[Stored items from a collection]
════════

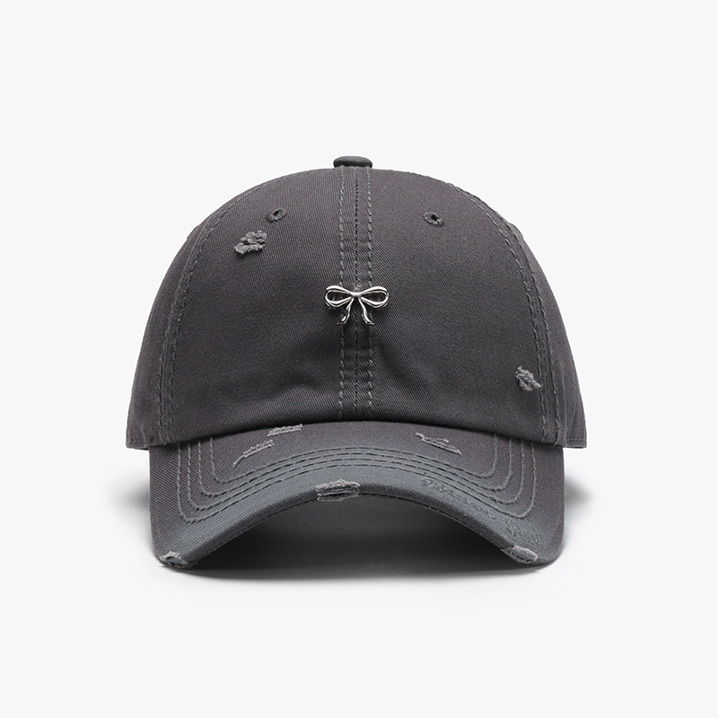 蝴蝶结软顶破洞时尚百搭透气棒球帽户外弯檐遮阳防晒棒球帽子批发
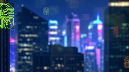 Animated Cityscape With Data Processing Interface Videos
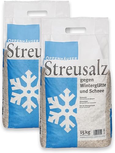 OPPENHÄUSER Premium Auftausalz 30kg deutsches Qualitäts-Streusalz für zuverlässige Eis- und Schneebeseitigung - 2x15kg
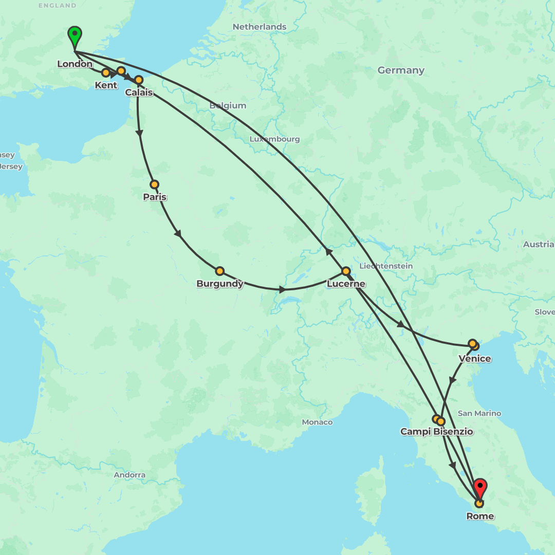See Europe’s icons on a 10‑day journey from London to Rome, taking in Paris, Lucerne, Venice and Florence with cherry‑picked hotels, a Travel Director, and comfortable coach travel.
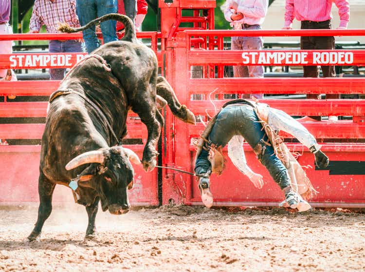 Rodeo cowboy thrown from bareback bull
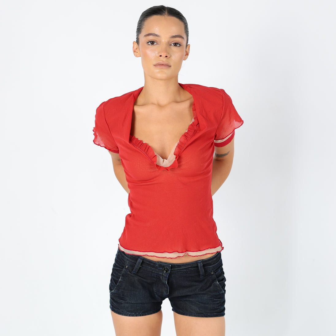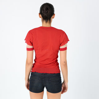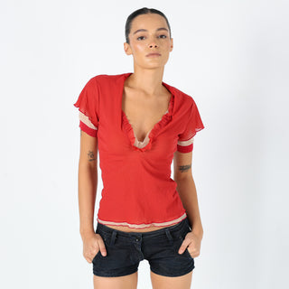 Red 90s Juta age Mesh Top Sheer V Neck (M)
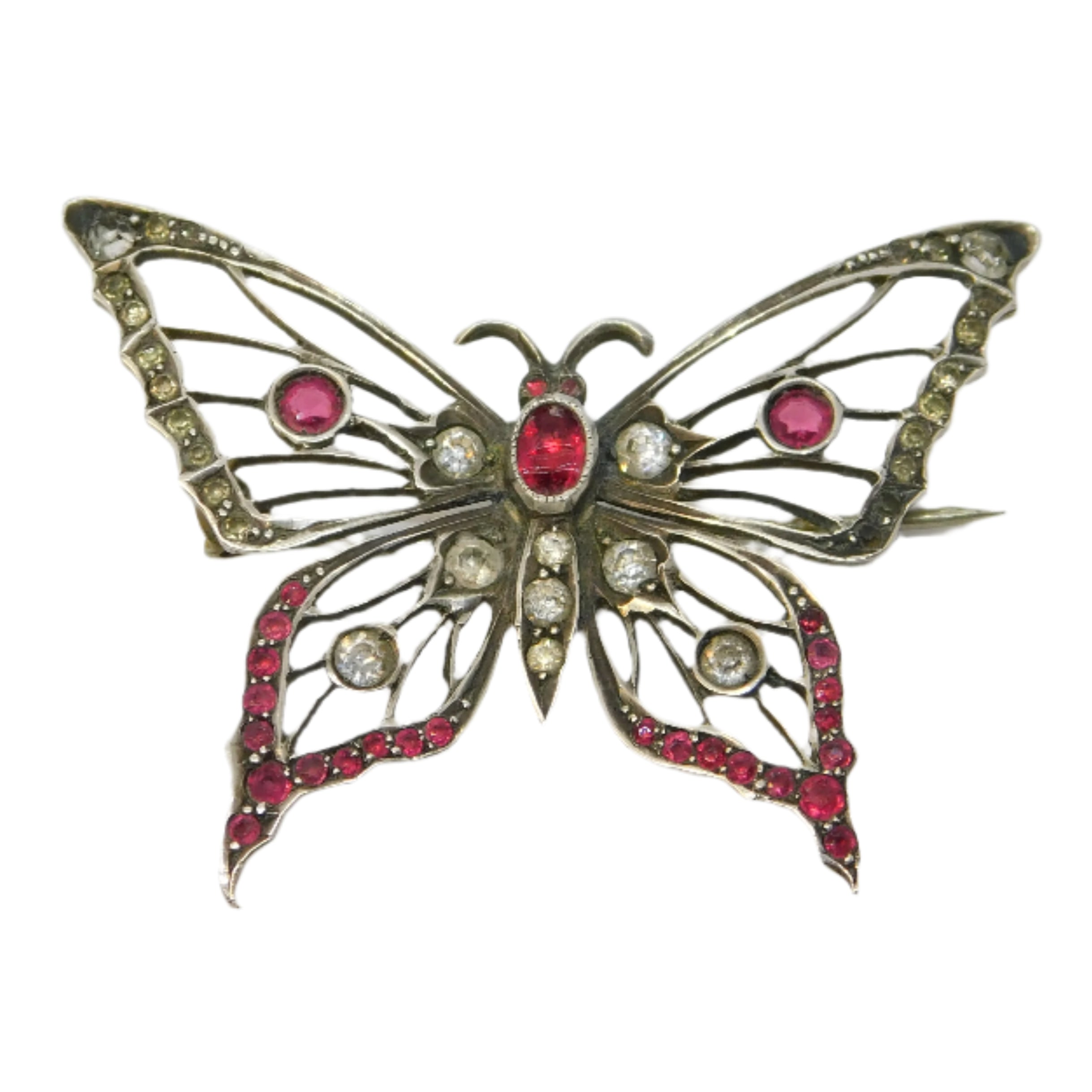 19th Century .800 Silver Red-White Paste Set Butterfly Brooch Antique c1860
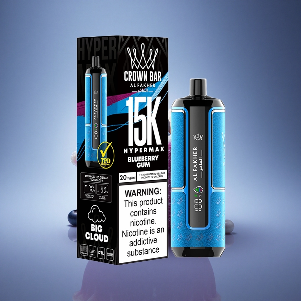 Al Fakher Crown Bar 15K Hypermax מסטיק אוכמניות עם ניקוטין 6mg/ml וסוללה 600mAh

════════

Problem statement - Above are records; write out the lines from the one with "Animated Cityscape With" down to the one with "OPPENHÄUSER Premium Auftausalz", exactly, leaving the pictures out.

Problem solution -
 Animated Cityscape With Data Processing Interface Videos
 OPPENHÄUSER Premium Auftausalz 30kg deutsches Qualitäts-Streusalz für zuverlässige Eis- und Schneebeseitigung - 2x15kg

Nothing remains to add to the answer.